Herculez Gomez and Terrence Boyd, it’s your move now. Chris Wondolowski just made his.
Wondolowski scored both goals in the U.S. men’s national team’s 2-0 victory over South Korea on Saturday. In doing so, the 31-year-old striker strengthened his case for a spot on the Americans’ squad for the 2014 FIFA World Cup.
Wondolowski headed home a rebound in the fourth minute to open the scoring. The San Jose Earthquakes star doubled his tally in the 60th minute with a calm, right-footed finish from around 12 yards out.
Both goals showed Wondolowski’s finest qualities: the ability to find space in the final third, react more quickly than the opposition and finish moves with lethal composure.
MLS aficionados have grown accustomed to Wondolowski’s exploits (particularly in his record-tying 2012 season), but he remains somewhat of a mystery to national team watchers.
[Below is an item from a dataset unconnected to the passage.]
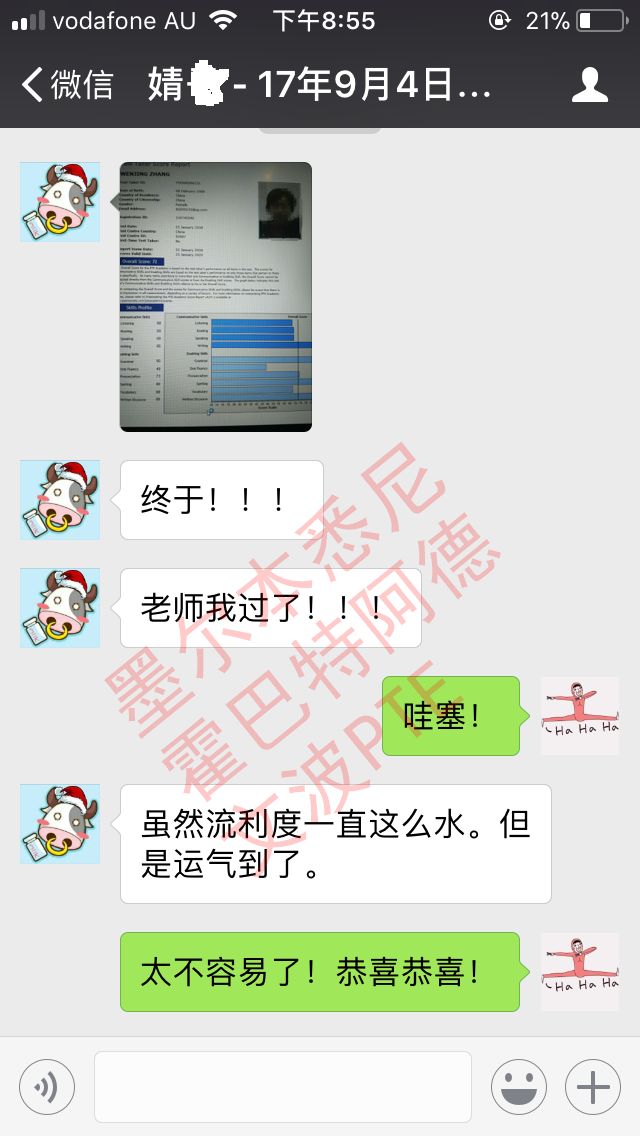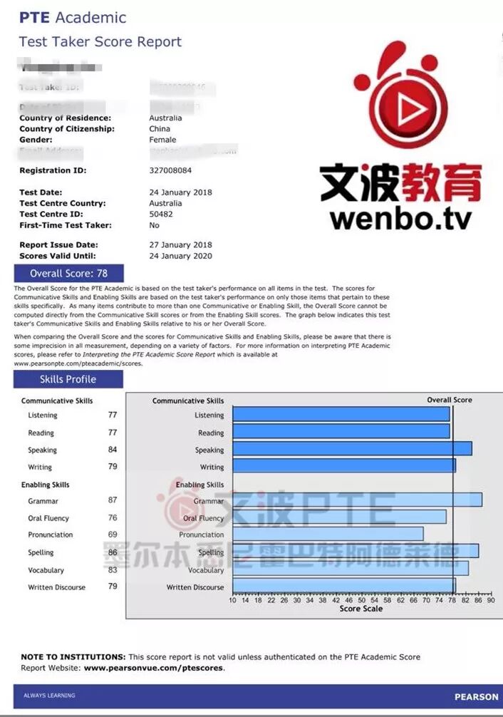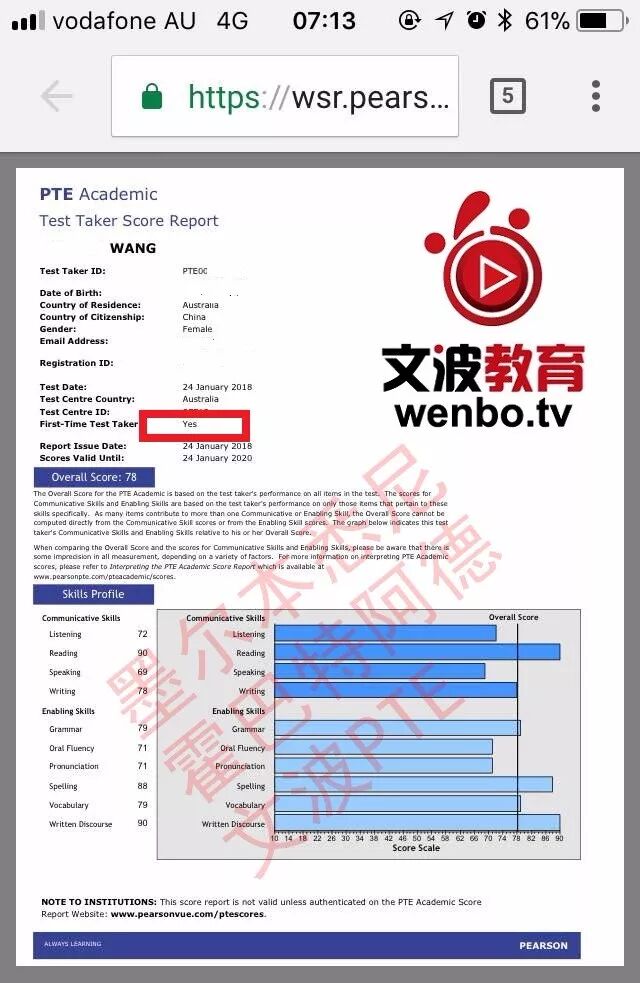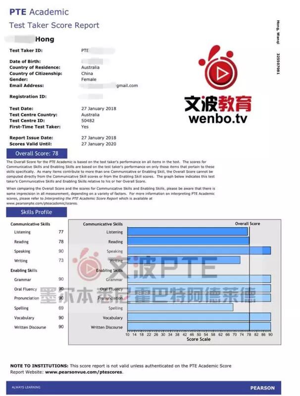 恭喜墨尔本悉尼霍巴特阿德莱德文波PTE学员Wang同学获得听力72,阅读90,口语69,写作78,总分78分的好成绩!也是一月文波PTE第81位通过四个七四个八的学员。

Wondolowski, the quintessential late bloomer, had never played for his country before 2010 and didn’t score his first international goal until last summer.
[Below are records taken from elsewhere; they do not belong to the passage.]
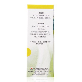 | 注意事项 | 1.只用于点耳。 2.本品一般适用于中耳炎局限在中耳粘膜部位的局部治疗。若炎症已漫及鼓室周围时,除局部治疗外,应同时服用口服制剂。 3.使用本品时若药温过低,可能会引起眩晕。因此,使用温度应接近体温。 4.出现过敏症状时应立即停药。 5.使用本品的疗程以4周为限。若继续给药时,应慎用。 |
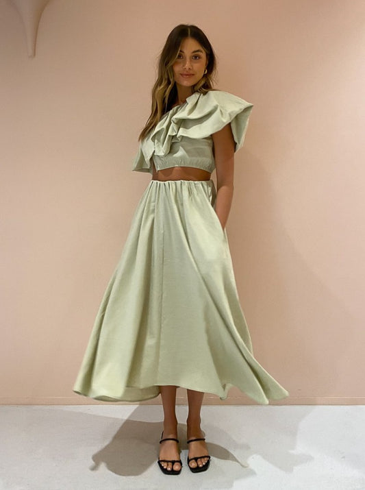 Loved for its modern voluminous structured ruffled detail, the Dimaro will bring a touch of haute couture fashion to your day to night style occasions.
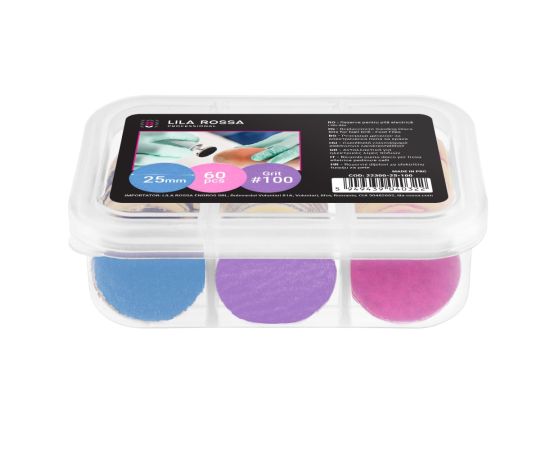 "Na web stranici online trgovine Lila Care, koja je na tržištu prisutna od 2009. godine, možete pronaći Set 60 rezervnih diskova #100 za električnu turpiju za pete s diskom 25 mm po cijeni od 3.49 EUR. Bilo da ste iz Zagreba ili nekog drugog dijela zemlje, nemojte se ustručavati naručiti Lila Rossa proizvode za manikuru od Lila Care!
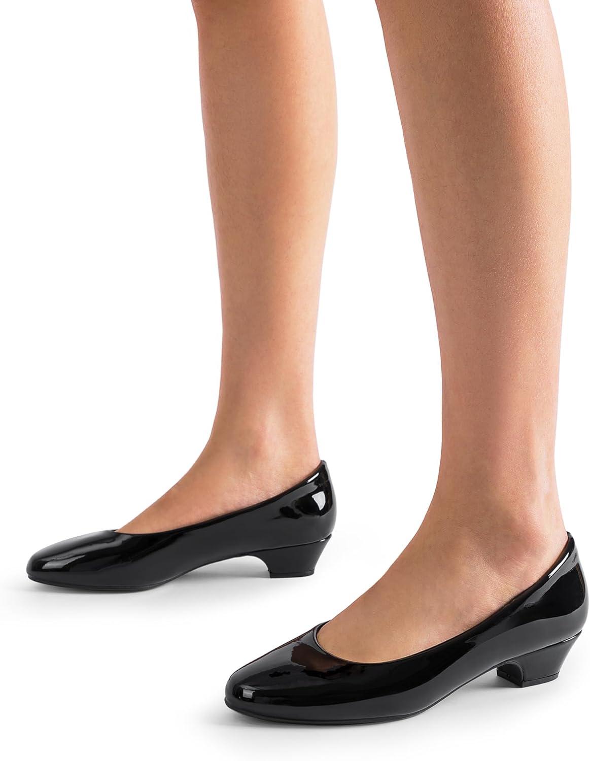 DREAM PAIRS Women’s Mila Low Chunky Heel Pump Shoes(Black-pat)
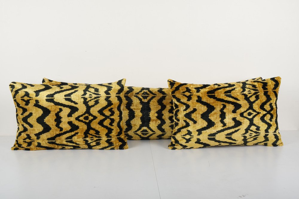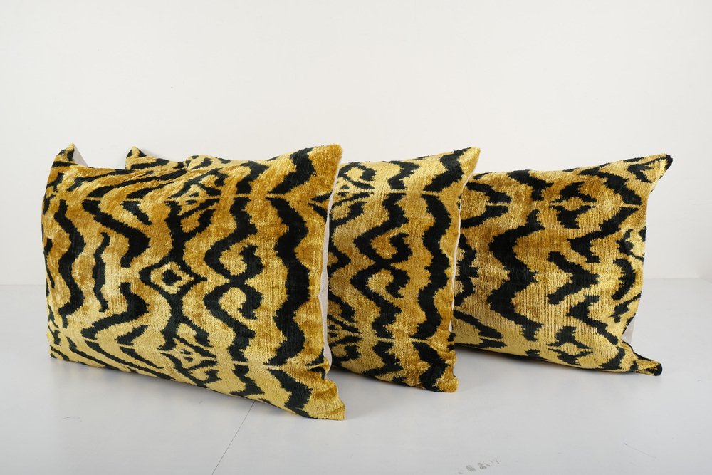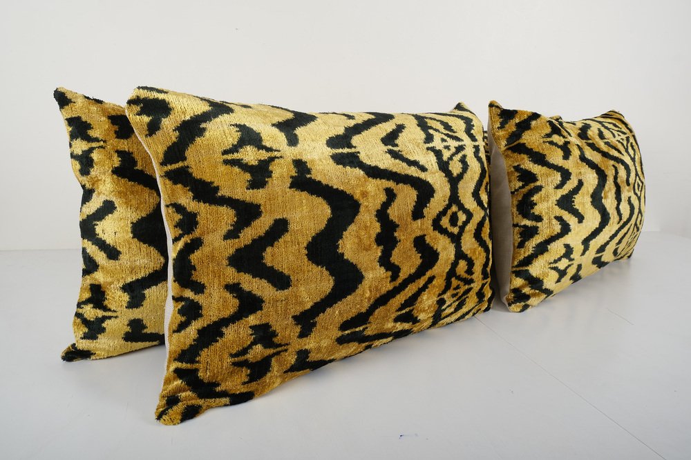 Velvet and Silk Ikat Tiger Cushion Covers, 2010s, Set of 3

While Wondolowski has excelled in MLS and against CONCACAF minnows like Cuba and Belize, critics say he is too one-dimensional to be effective against the world-class opponents the U.S. will face in Brazil this summer. Wondolowski’s pair of goals might reinforce that narrative in the short term, but his behind-the-scenes performances over the last four weeks might have convinced the decider that he could be valuable at the World Cup.
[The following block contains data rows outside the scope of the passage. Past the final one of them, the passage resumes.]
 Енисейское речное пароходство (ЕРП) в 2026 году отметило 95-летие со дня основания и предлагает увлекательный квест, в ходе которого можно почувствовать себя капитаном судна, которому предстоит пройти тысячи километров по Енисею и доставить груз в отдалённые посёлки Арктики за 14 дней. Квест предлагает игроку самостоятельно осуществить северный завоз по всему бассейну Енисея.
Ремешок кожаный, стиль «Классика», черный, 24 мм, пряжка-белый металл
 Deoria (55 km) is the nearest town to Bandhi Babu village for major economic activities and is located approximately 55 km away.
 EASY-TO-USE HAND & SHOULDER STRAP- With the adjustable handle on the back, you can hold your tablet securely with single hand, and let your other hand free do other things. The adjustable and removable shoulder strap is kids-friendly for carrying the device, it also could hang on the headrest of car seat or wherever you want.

Saturday’s exhibition game was the culmination of a monthlong national team camp, known in some circles as “Camp Cupcake,” but the fact that this is a World Cup year made the January 2014 camp take on greater importance than its nickname suggests.
With half of the national team’s expected starters missing because of club commitments, the camp gave fringe players like Wondolowski a chance to impress U.S. head coach Jurgan Klinsmann for an extended period of time. By all accounts, Wondolowski took his chance, as he is wont to do.
“Wondo is a wonderful example of [what happens] if you are committed, if you’re hungry, if you give everything you have over a long period of time,” Klinsmann said after the South Korea game, according to The Associated Press. “Sooner or later, you’re going to get rewarded for it. It’s nice to see a player like him is still hungry.”
Wondolowski appreciates the chance Klinsmann has given him to state his case for a trip to the World Cup.
“My mind frame doesn’t change,” he said, according to U.S. Soccer. “Any time I get this wonderful opportunity to represent my country, I’m going to try to make the most of it. That’s always been my mind frame since day one, and that’s how it’s going to be till the last.
“That’s why coach Klinsmann is a great coach. He makes those decisions. All I can do is go out there and make the most out of any opportunity I get. I thoroughly enjoyed this January camp, getting out there every day and showing what I have to this coaching staff.”
Barring injury, strikers Jozy Altidore and Aron Johannsson look like sure bets to make the World Cup squad. That leaves room for two (or three) more out-and-out strikers, who will be called upon to push the aforementioned duo, slot into the lineup if one of them breaks down, change a game that needs changing and, perhaps, score the winning goal in the final.
Wondolowski might have jumped ahead of Gomez and Boyd — also leading contenders to deputize Altidore and Johannsson — both in January and on Saturday. Boyd’s club, Rapid Vienna of Austria’s Bundesliga (first division), plays four games between now and March 5 (when the U.S. faces Ukraine). Gomez’s Tijuana (of Mexico’s first division, Liga MX) also plays four games in that span. They must start games, score goals and perform well for their clubs to earn a call-up to the U.S. squad for the March 5 game. If they don’t, their risk of being left off the World Cup squad altogether rises.
Wondolowski will return to the Earthquakes for preseason in good shape. If “Wondo” stays healthy, plays well and scores at 2012 levels, he’ll leave Klinsmann with little choice but to take him to Brazil. If it happens, it’ll prove that the old adage — “better late than never” — remains as true as ever.